Steps: assessment –> initial therapy –> long-term control
IV benzodiazepines – enhance GABAA Cl- flux
- Lorazepam (Ativan) longer duration of action than diazepam
- Diazepam (Valium)
IV phenytoin or fosphenytoin – enhances inactivated state of voltage-dependent Na+ channels.
IV phenobarbital – enhances GABAA Cl- flux
Anesthesia
A 25 y/o male is referred to a neurologist after experiencing a motor vehicle accident in which there were no injuries. He has always had episodes of “zoning out”; but unfortunately, his most recent episode occurred while driving home from work. His neurologist will most likely recommend an agent with which mechanism of action to treat these episodes?

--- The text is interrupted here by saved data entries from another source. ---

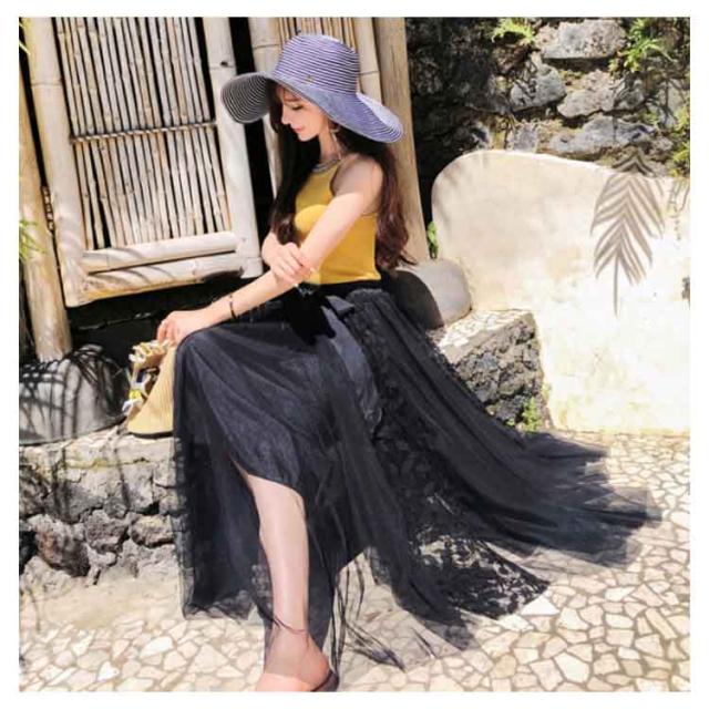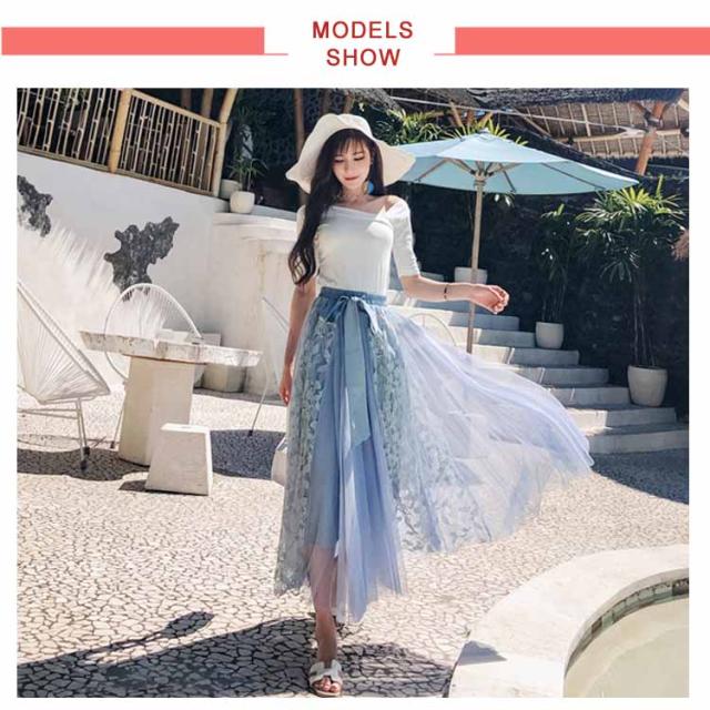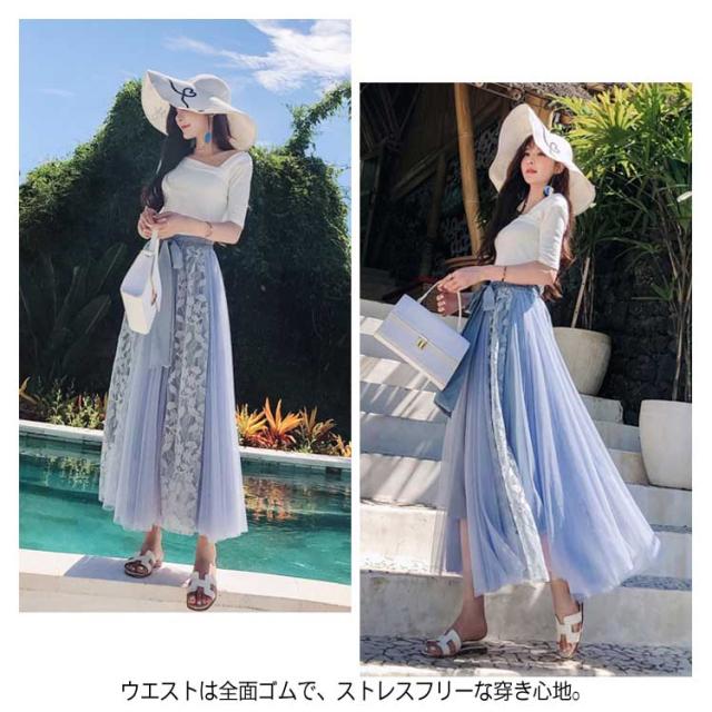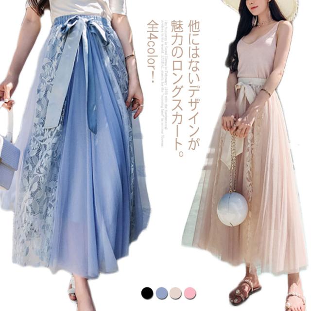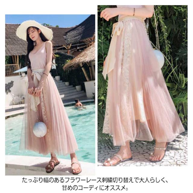 《》可憐なレース刺繍切り替え!フラワーレース 切り替え スカート レディース ロングスカート マキシ丈スカート Aラインスカート ロング丈 マキシ丈 ボトムス レース 刺繍 ふんわり 可愛い
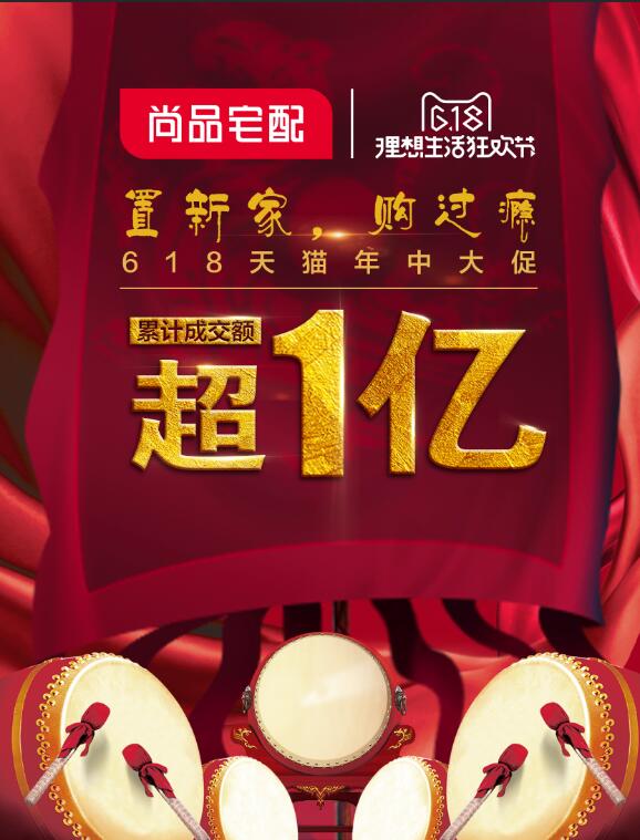 今年618天猫年中大促,尚品宅配累计成交额超1亿,再创辉煌!棒棒哒!尚品宅配与你一起,为理想生活而来,敢突破,够逼格!敢为先,够创新!敢出格,够刺激!
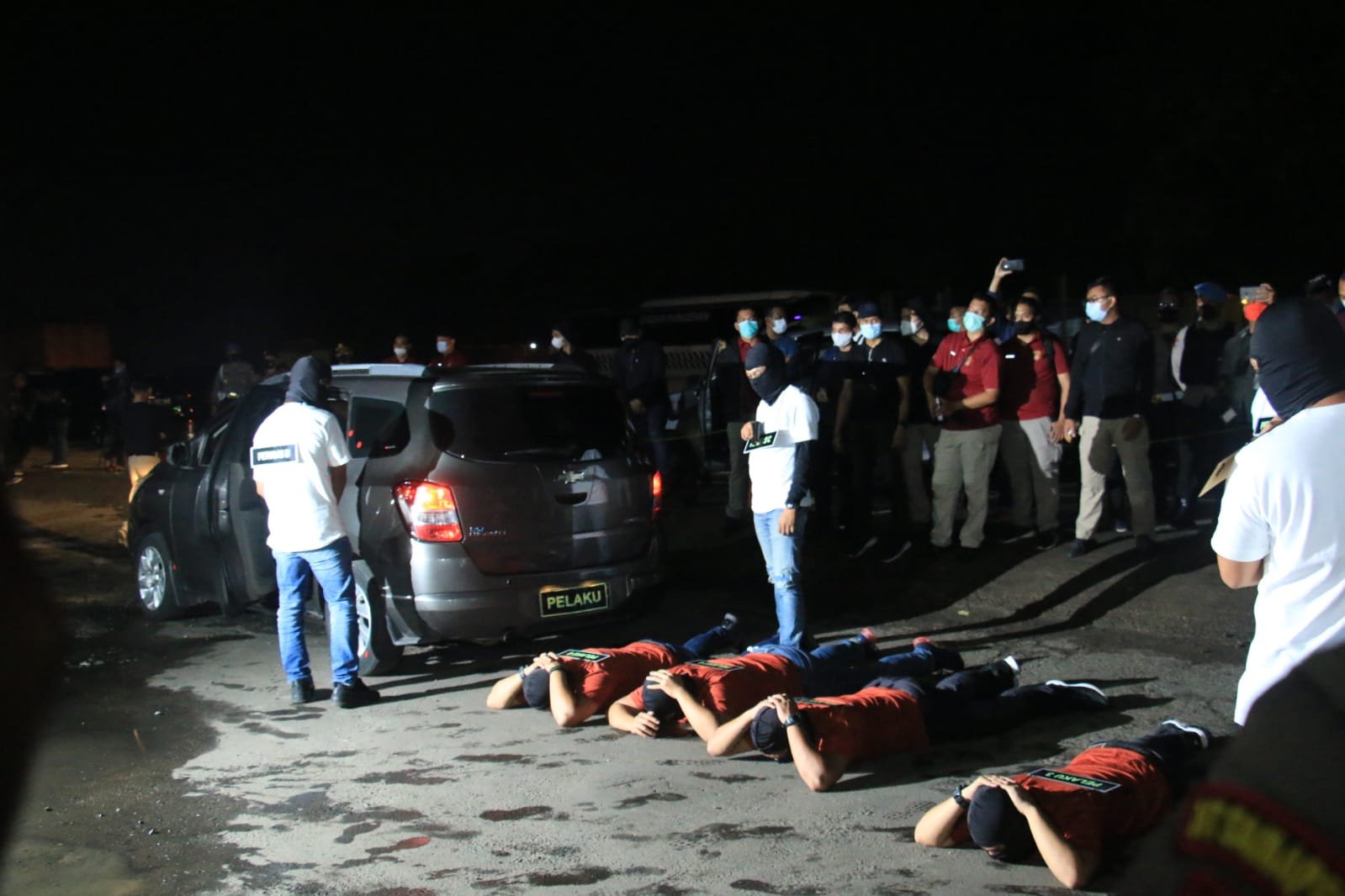 Adapun barang bukti yang dihadirkan pada rekonstruksi, diantaranya dua unit mobil anggota, satu unit mobil tersangka, enam pasang pakaian tersangka, senjata tajam dan dua senjata api rakitan peluru 9 MM.
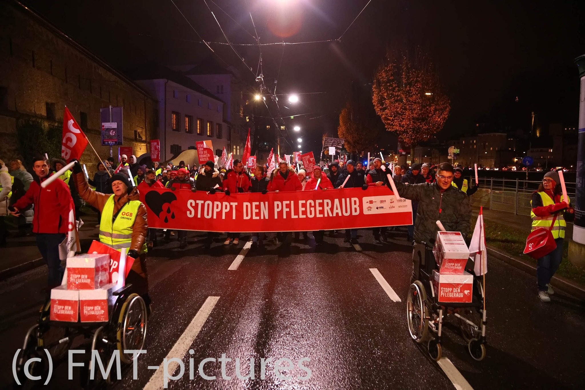 Bakım bonusuna yönelik kesinti girişimine karşı düzenlenen ikinci büyük eylem; hemşireleri, sosyal hizmet uzmanlarını ve destekçilerini tüm eyalet genelinden bir araya getirdi. İki yürüyüş kolu saat 16.00’da eş zamanlı olarak hareket etti: Biri Andräviertel’deki İşçi Odası’ndan, diğeri Eyalet Hastaneleri’nden. Kollar Staatsbrücke üzerinde birleşerek halkın yoğun desteği eşliğinde Unipark Nonntal’a yürüdü. Kapanış mitingi burada gerçekleşti.
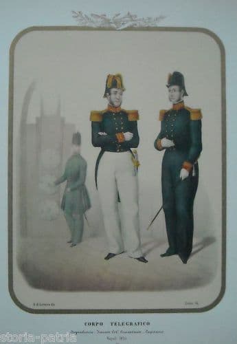 CORPO TELEGRAFICO *SEGNALATORE* *TENENTE COLONNELLO COMANDANTE* *CAPITANO* *(NAPOLI, 1855)* Interessante e bella raffigurazione a colori, *di custumi militari dell'epoca borbonica, immagine molto realistica che ben evidenzia le uniformi di tre tipi particolari del corpo dei telegrafisti, nei simboli e colori dell'epoca, con anche visibile un segnalatore nei pressi di un grande macchinario (telegrafo?);* stampa a colori, con anche bordino dorato e cimasa allegorica, da disegno di A. Di Lorenzo, reprint della nota edizione napoletana ottocentesca litografata dallo Zezon; belle grandi dimensioni, misura circa cm. 43x32 (l'intero foglio, compresi i margini bianchi diseguali), databile presumibilmente alla metà del '900. DI INTERESSE STORICO-MILITARE, BORBONICO, RISORGIMENTALE, STORICO-LOCALE NAPOLETANO, COLLEZIONISTICO, DECORATIVO Buona conservazione generale, segni e difetti d'uso e d'epoca, difetti vari marginali o sparse fioriture, **meritevole di essere inserita sotto passpartout ed incorniciata.** *(l'immagine allegata raffigura un particolare dell'intero foglio, ossia la parte centrale figurata, eventuali ulteriori informazioni a richiesta)* *####* *(disponibilità di altri soggetti della stessa serie, con altri costumi militari borbonici, ulteriori informazioni a richiesta)*
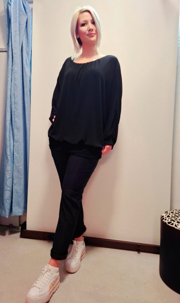 Tančičasta bluza z dolgimi rokavi. Zgornji del kot tančica, viskozna podloga pa elastična s patentom na boku. Širokega kroja z ladijskim ovratnikom. Lahkotna in lepo pade. Zelo lepo se poda večjim konfekcijskim številkam.
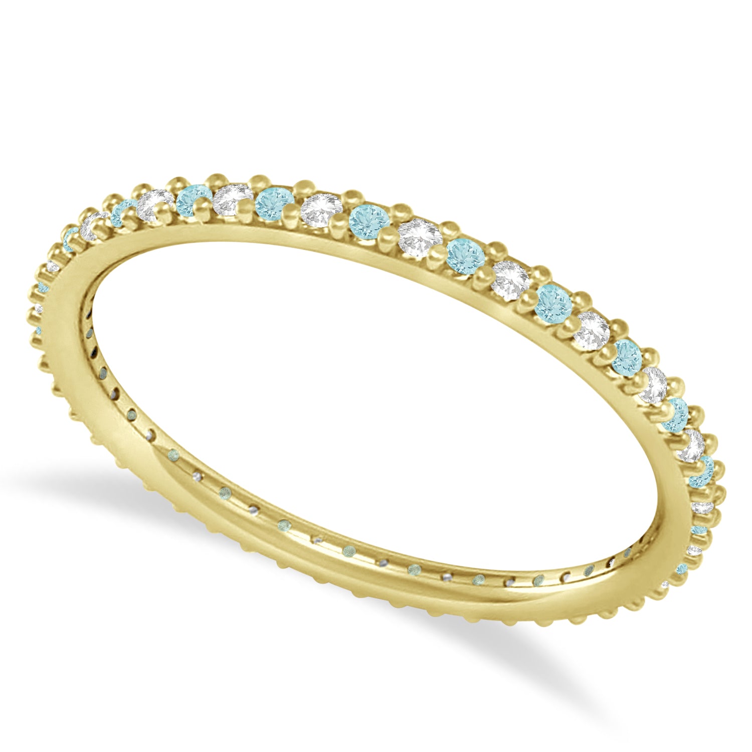 Petite Diamond & Aquamarine Eternity Wedding Band 14k Yellow Gold (0.25ct)
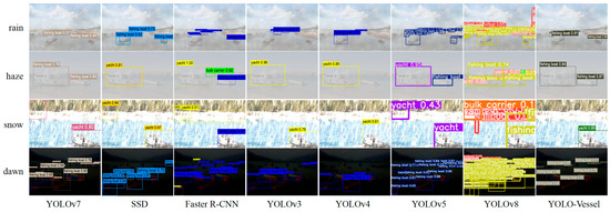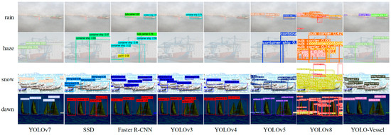 Comparisons of ship detection performance in rainy, hazy, snowy, and dawn weather are shown in Figure 14, Figure 15 and Figure 16. The other models in the comparison can achieve accurate ship detection in adverse weather, but errors can occur in other complex sea conditions. Due to the sizeable similar ship outline background interference and small ship occlusion, YOLOv8 cannot capture the features of small ships well, and multiple misidentified detection frames appear, resulting in less accurate ship detection at sea. In the dawn environment, the SSD algorithm misses many ships. The Faster R-CNN algorithm has improved at detecting localization recognition, but the target confidence still needs to be higher. YOLOv4 misses ship detection in the snowy environment, while YOLOv3 and YOLOv5 have better feature extraction ability, but there is a false detection situation, which may mistakenly detect the background as a ship. In contrast, the YOLO-Vessel model improves the prediction network by using ASFF, enabling it to fuse targets’ structural features at different scales, detect more ships in complex sea conditions, and achieve better detection performance.
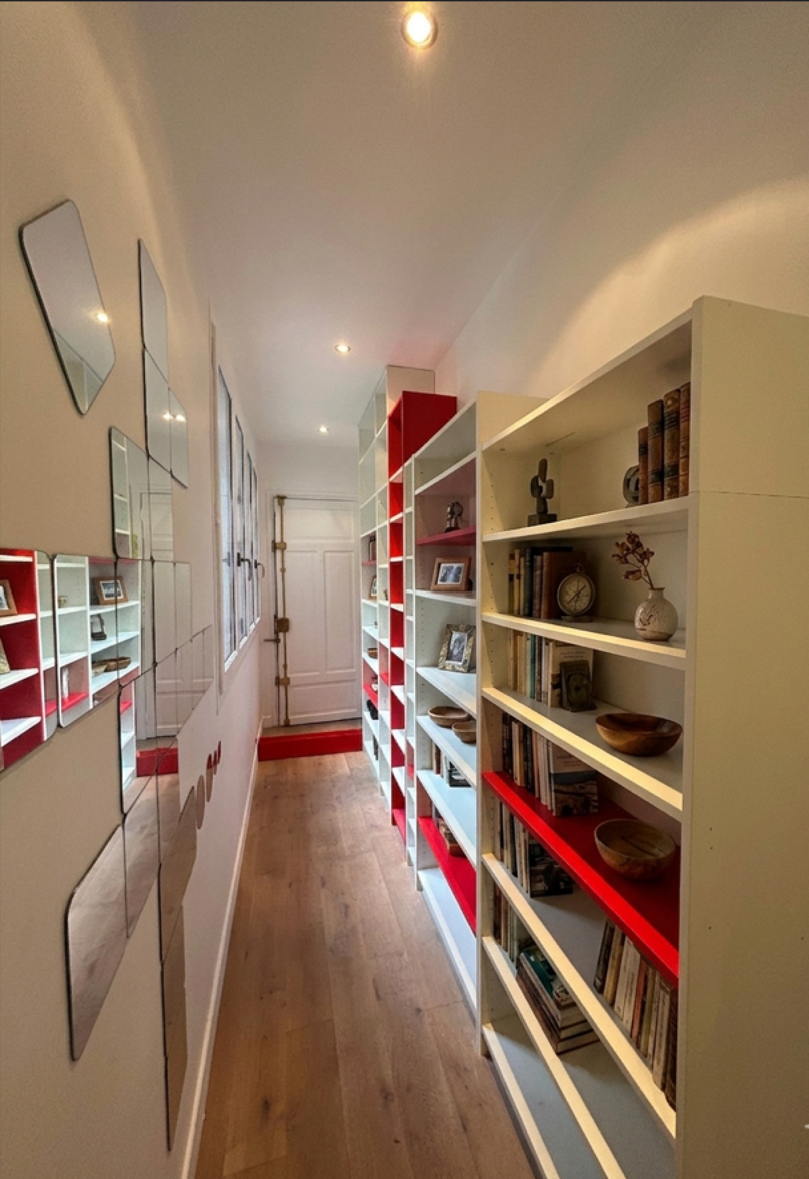 - L'entrée : Un couloir de 6 m² ingénieusement aménagé avec une bibliothèque intégrée et des espaces de rangement.
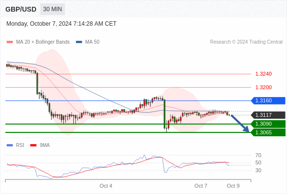 在 1.3160 之下,看跌,目标价位为 1.3090 ,然后为 1.3065 。
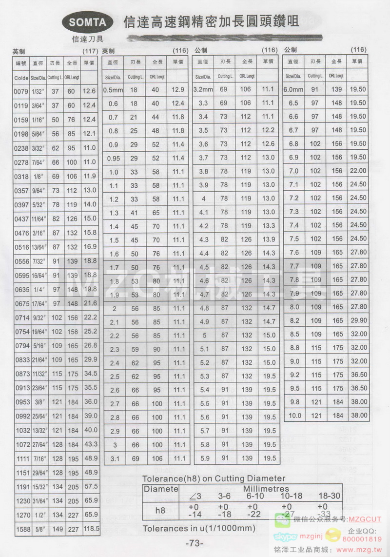 SOMTA信達(dá)高速鋼精密圓頭鉆咀產(chǎn)品技術(shù)參數(shù)配件組成信息
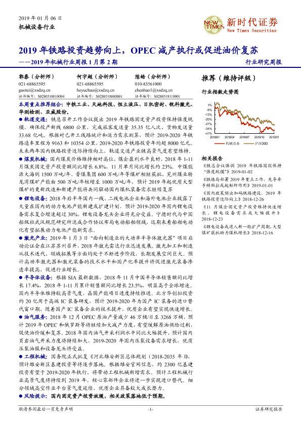 【新时代证券】【20190106】2019年机械行业周报1月第2期:2019年铁路投资趋势向上,OPEC减产执行或促进油价复苏-15页
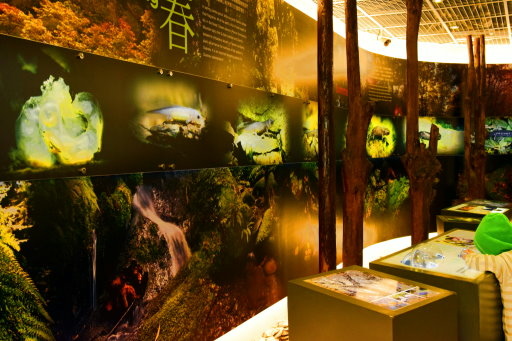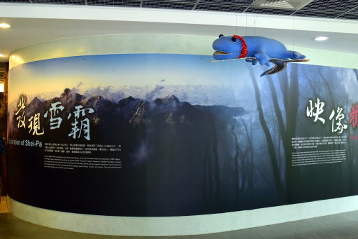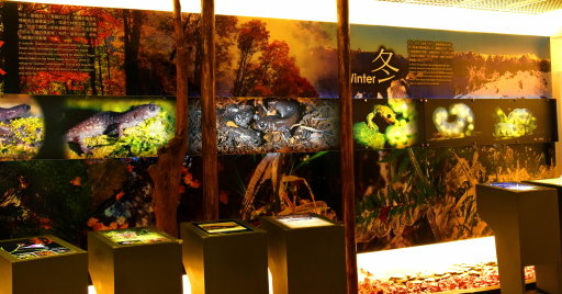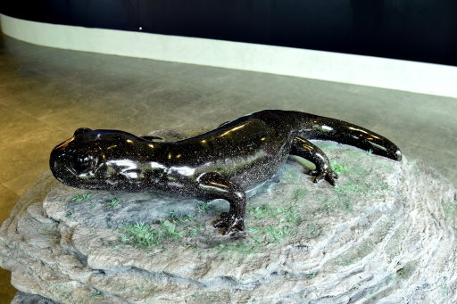 一進入展示室,天花板上吊著一隻山椒魚布偶。
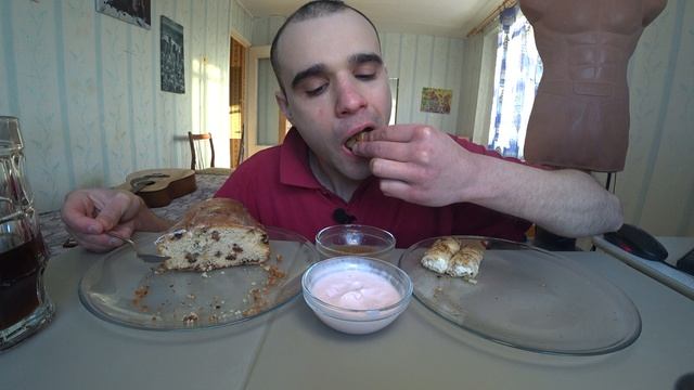 МУКБАНГ БЛИНЫ С ТВОРОГОМ / КЕКС С ИЗЮМОМ/ СЛАДОСТИ/ ЙОГУРТ/ SWEET / CAKES / EATING ASMR Mukbang АСМР
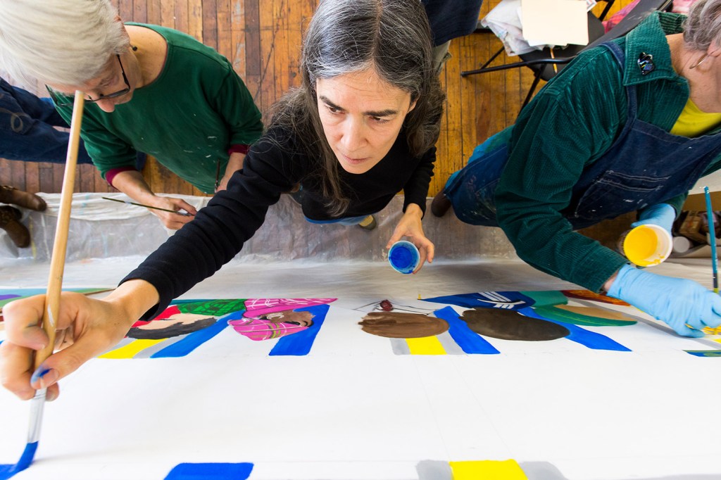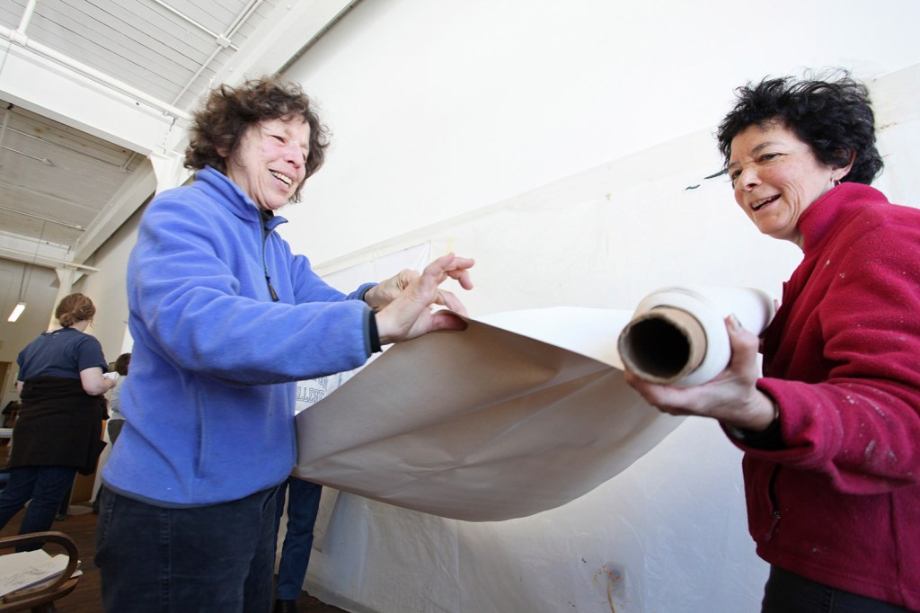 BRUNSWICK — On a cold February morning, a dozen artists sit around a large work table in a light-filled studio at Fort Andross Mill. Thermoses of tea and coffee, a plate of blueberry bread and a box of doughnuts are passed around, along with sketches of banners the artists have gathered to create.
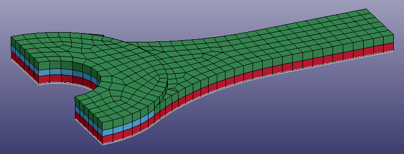 Contents Part III: Model Tutorials | Chapter 4: Creating a Composite Laminate with Dropped Layer | Print page 4.8. Optional Step: Verifying That the Offset Has Been Correctly AppliedClick Thickness radio button.Click the Thick display check box on and off and verify that the reference surface is at the bottommost surface.The result should look like this:Turn the Thick Display off to prepare for the next step. « 4.7. Set the Reference Surface 4.9. Applying Fiber Directions »
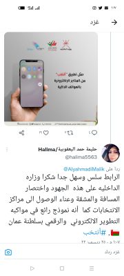 وقالت حليمة حمد اليعقوبية عبر صفحتها الرسمية على تويتر ، إن الرابط سلس وسهل جدا شكرا وزارة الداخلية على هذه الجهود واختصار المسافة والمشقة وعناء الوصول الى مراكز الانتخابات كما أنه نموذج رائع في مواكبة التطوير الالكتروني والرقمي بسلطنة عمان 🇴🇲. #أنتخب

A. Binds an allosteric site on GABA receptor
B. Blocks voltage-gated Na+ channels
C. Enhances GABA-mediated Cl- influx
D. Modifies release of glutamate and GABA through action on SV2A protein
E. Reduces the low threshold Ca2+ (T-type) current
These are absence seizures.
Reduces the low threshold Ca2+ (T-type) current
A 16 y/o female with complex partial seizures is instructed to begin taking lamotrigine. Her neurologist recommends initiating low doses with dose increases every two weeks. It is important to titrate lamotrigine slowly, as it may cause dose-related:
A. gingival hyperplasia. B. leukopenia. C. paresthesias. D. skin rash. E. tremor.
D. skin rash.
A 15 y/o male with juvenile myoclonic epilepsy presents to his neurologist for follow-up. He has been receiving appropriate drug therapy, but is concerned about recent hair loss. Which drug is this patient most likely receiving?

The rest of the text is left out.